Allahü teâlâ katından bir münâdî şöyle der: “Bunlar sâlih amel
işleyip, günahlardan kaçınanlardır. Beş vakit namazı vaktinde ve
şartlarına uygun olarak cemâatle kılarlar. Bunlar, tövbe edip öyle
vefât ettiler. Allahü teâlâ, kendilerine saadet nasîb etti. Onlar,
Cennete gireceklerdir. Allahü teâlâ kendilerinden râzıdır. Onlar da
Allahü teâlâdan râzıdırlar. Allahü teâlâ, Kur’ân-ı kerîmde meâlen
bunları şöyle bildirdi: Gerçekten 'Rabbimiz Allahü
teâlâdır' deyip de sonra amellerini ihlâs ile,
yapanlara (ölüm ânında) melekler inecekler de şöyle
diyecekler: (Gelecekten) Korkmayın
ve (geçene) mahzûn olmayın! Size vaat olunan Cennetle
müjdelendiniz.”
Muhyiddîn Efendi, Ayasofya
Câmii'nde Kur’ân-ı kerîmin tefsîrini tamamlayınca, talebelerine ve
cemâate dönüp şöyle buyurdu:
“Allahü teâlâdan Kur’ân-ı kerîmin
tefsîrini okutma işini tamamlamam için bana mühlet vermesini niyaz
etmiştim. Allahü teâlâya hamdü senalar olsun ki, duâm kabul oldu,
dersimi tamamladım. Şimdi duâm odur ki, ömrüm îmân ile son bulsun.
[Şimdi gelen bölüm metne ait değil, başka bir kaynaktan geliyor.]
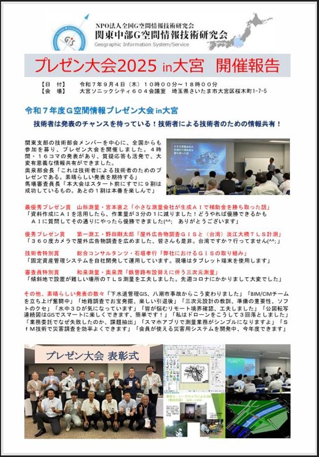 埼玉県の大宮ソニックシティにて、令和7年度G空間情報プレゼン大会in大宮を開催しました。関東部支部の技術部会を中心に、東北や中四国から有志が集まり、33名が参加、16コマのプレゼンテーションが行われました。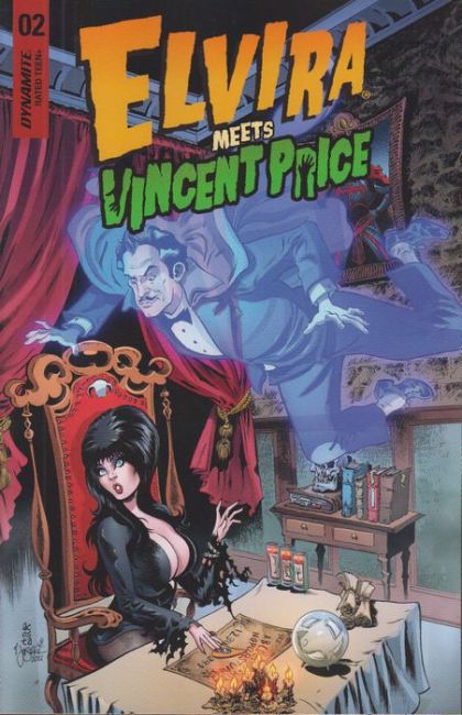 The two titans of horror and comedy unite in comics for the very first time! Dynamite Entertainment Proudly Presents... Elvira Meets Vincent Price! Elvira and the Ghost of Vincent Price continue their quest to find a lost cult movie... AND save the world from the wrath of an awakened Egyptian god. Their journey takes them to the crumbling country estate of a reclusive film director and his movie-star bride, but things go all Dr. Phibes before you can say House of Usher! Come for the sexy horror, stay for the terrible puns and movie trivia! From writer David Avallone (Bettie Page, Twilight Zone: The Shadow) and artist Juan Samu! Issue #2 features a continuing all-star cast of cover artists, including fan favorites Dave Acosta, Anthony Marques w/J. Bone, series artist Juan Samu and a stunning photo of the gorgeous lady herself - Elvira: Mistress of the Dark!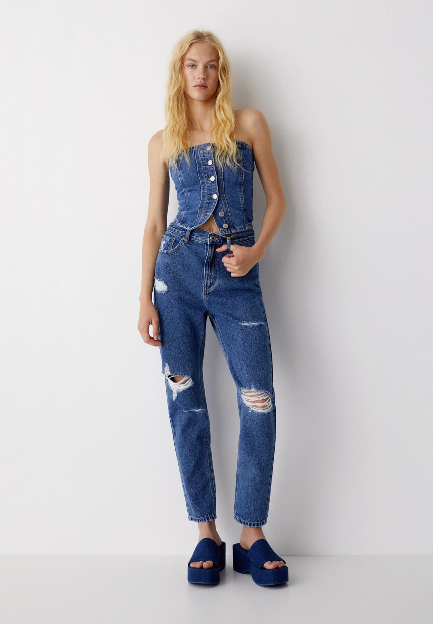 PULL & BEAR Ripped Jeans A SigarettaDark Blue Denim Donna Jeans PUC21N0LL-K12
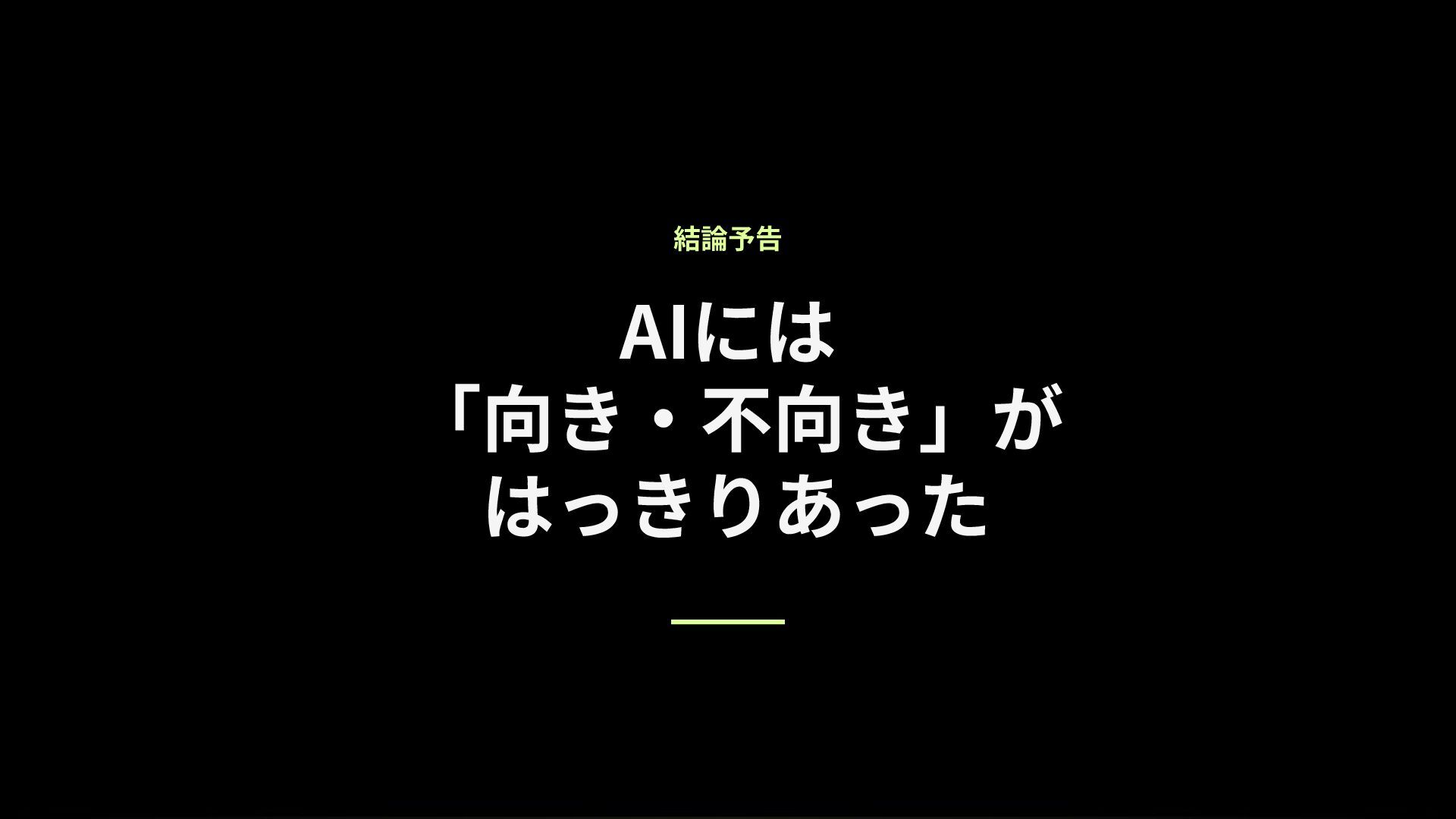 結論予告 AIには 「向き‧不向き」が はっきりあった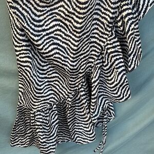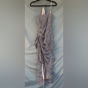 NWT Cinq A Sept Ruffled 100% Silk Midi Dress Sz 4 New Black White Asymmetric Hem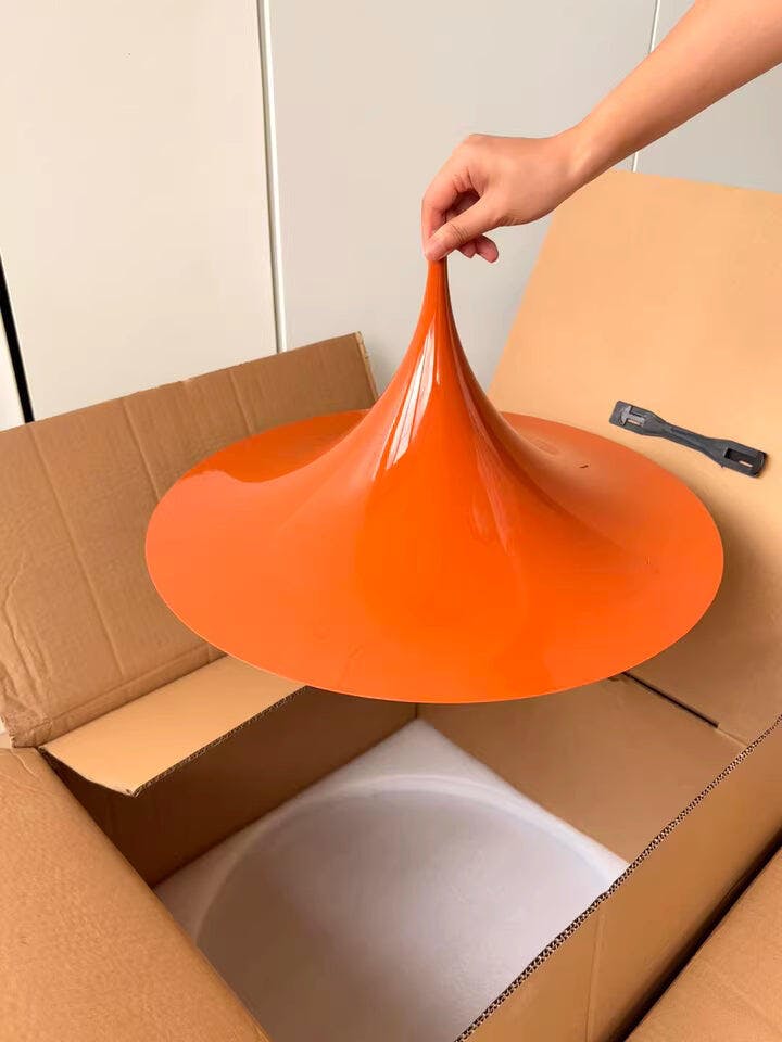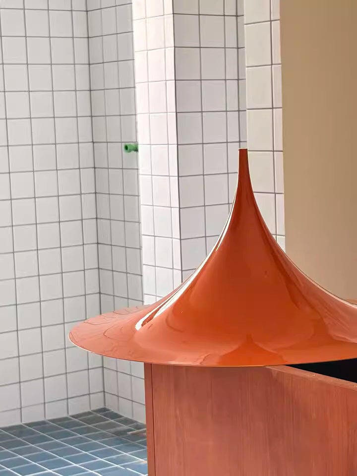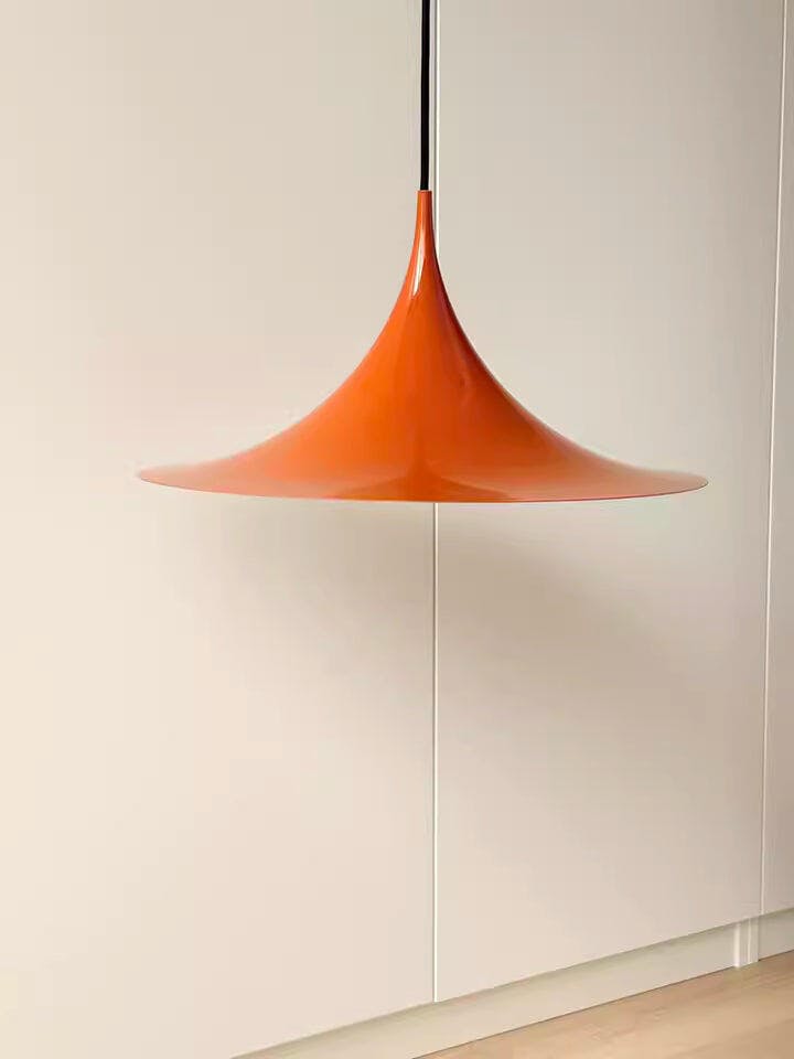 Semi is a unique pendant lamp, based on two quarter-circles put together, back-to-back. With its distinctive arch-shaped, enameled metal shade, lightness of form and unique, timeless design, the elegant Semi lamp achieved great success in the 1980's and became, at that time, the best-selling Danish design, gaining worldwide recognition and iconic status. It´s distinctive arch-shaped shade in lacquered, spun aluminum creates a diffused, cone-shaped light, ideal over a dining table or kitchen work surface.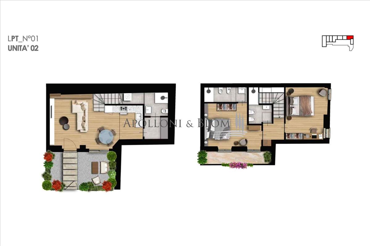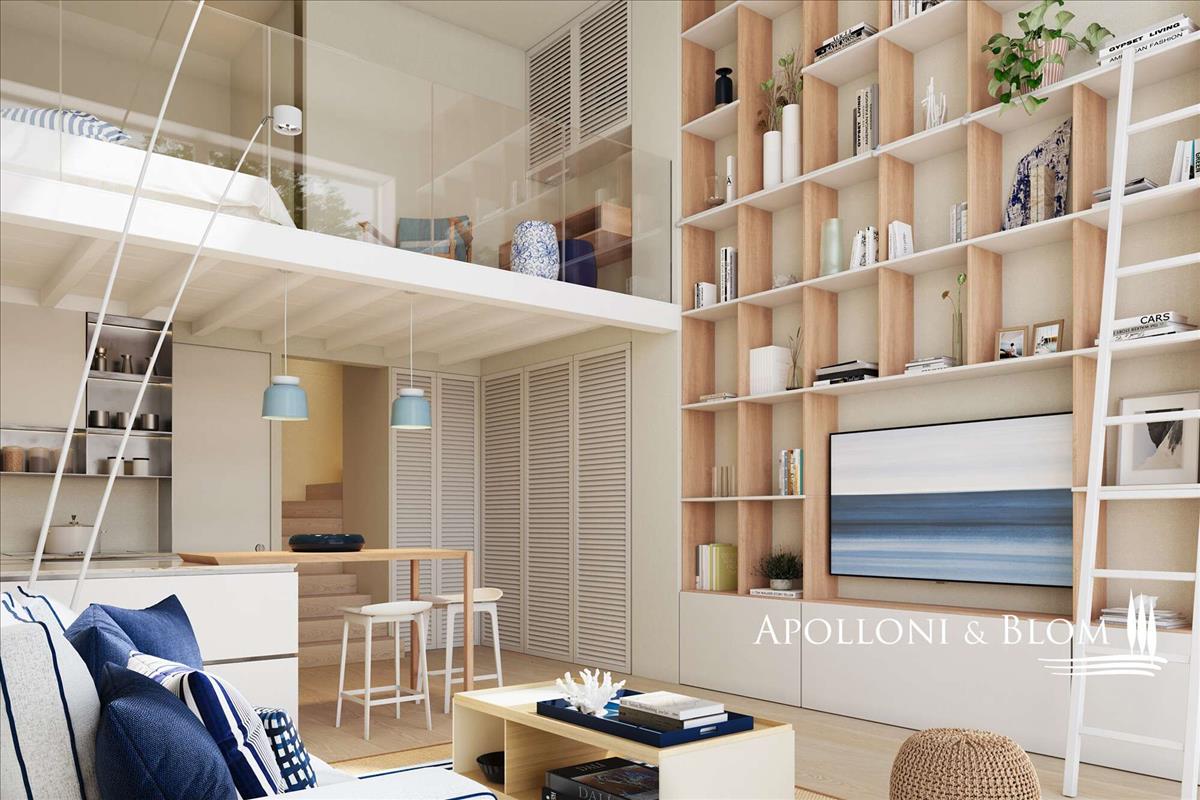 Az egyik hálószobában van lehetőség mezzanine kiépítésére, így helyet nyer egy harmadik ágy. A projekt kortárs szemlélettel értelmezi a hagyományos építészetet, ihletet merítve a klasszikus Liguriai halászfalvakból. Tiszta vonalak és elegáns részletek idézik a hagyományos anyagokat, például a pala tetőket és a Liguri-stílusú erkélyeket.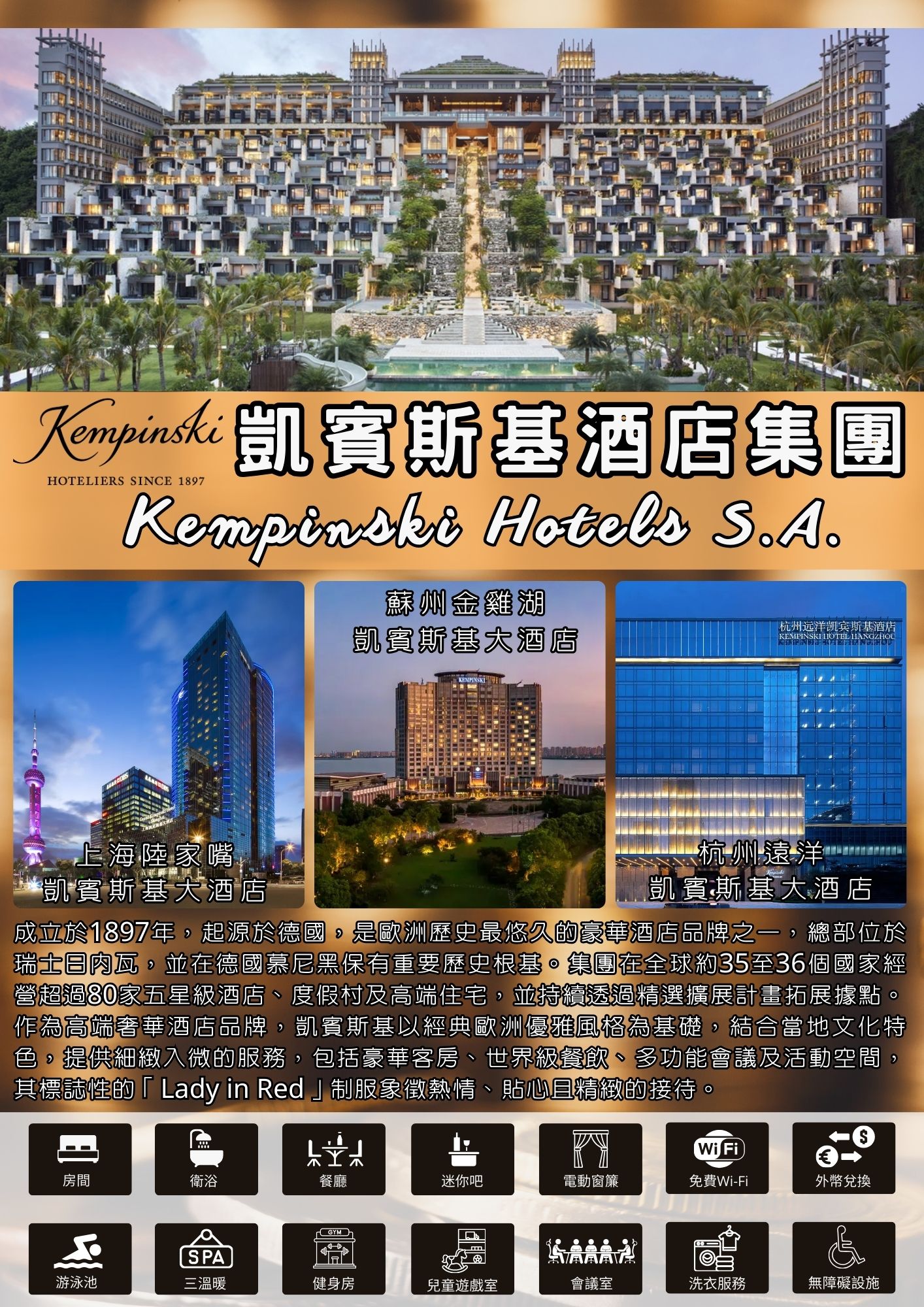 傳承超過百年的【凱賓斯基酒店集團(Kempinski Hotels)】成立於1897年,起源於德國,是歐洲歷史最悠久的豪華酒店品牌之一,總部位於瑞士日內瓦,並在德國慕尼黑保有重要歷史根基。集團在全球約35至36個國家經營超過80家五星級酒店、度假村及高端住宅,並持續透過精選擴展計畫拓展據點。作為高端奢華酒店品牌,凱賓斯基以經典歐洲優雅風格為基礎,結合當地文化特色,提供細緻入微的服務,包括豪華客房、世界級餐飲、多功能會議及活動空間,其標誌性的「Lady in Red」制服象徵熱情、貼心且精緻的接待。集團在歐洲、亞洲、中東、非洲及美洲皆有布局,亞洲市場自1992年北京首家酒店開業後快速發展,而在全球擴張中,凱賓斯基強調精選而非大量擴張,確保每家酒店均符合奢華服務與文化融合標準。品牌精神強調「旅遊中的藝術與表現」,致力於將住宿、設計、歷史、美食及當地文化結合,為旅客打造難忘的高端體驗。

Son nefesimde Kelime-i şehâdeti söyleyerek rûhumu teslim edeyim."
Sonra gönülden duâda bulundu. Orada bulunanlar hep bir ağızdan
'âmin' dediler. Muhyiddîn Niksârî, evine varınca hastalandı. Çok
geçmeden de 901 (m. 1460)’da İstanbul’da vefât etti.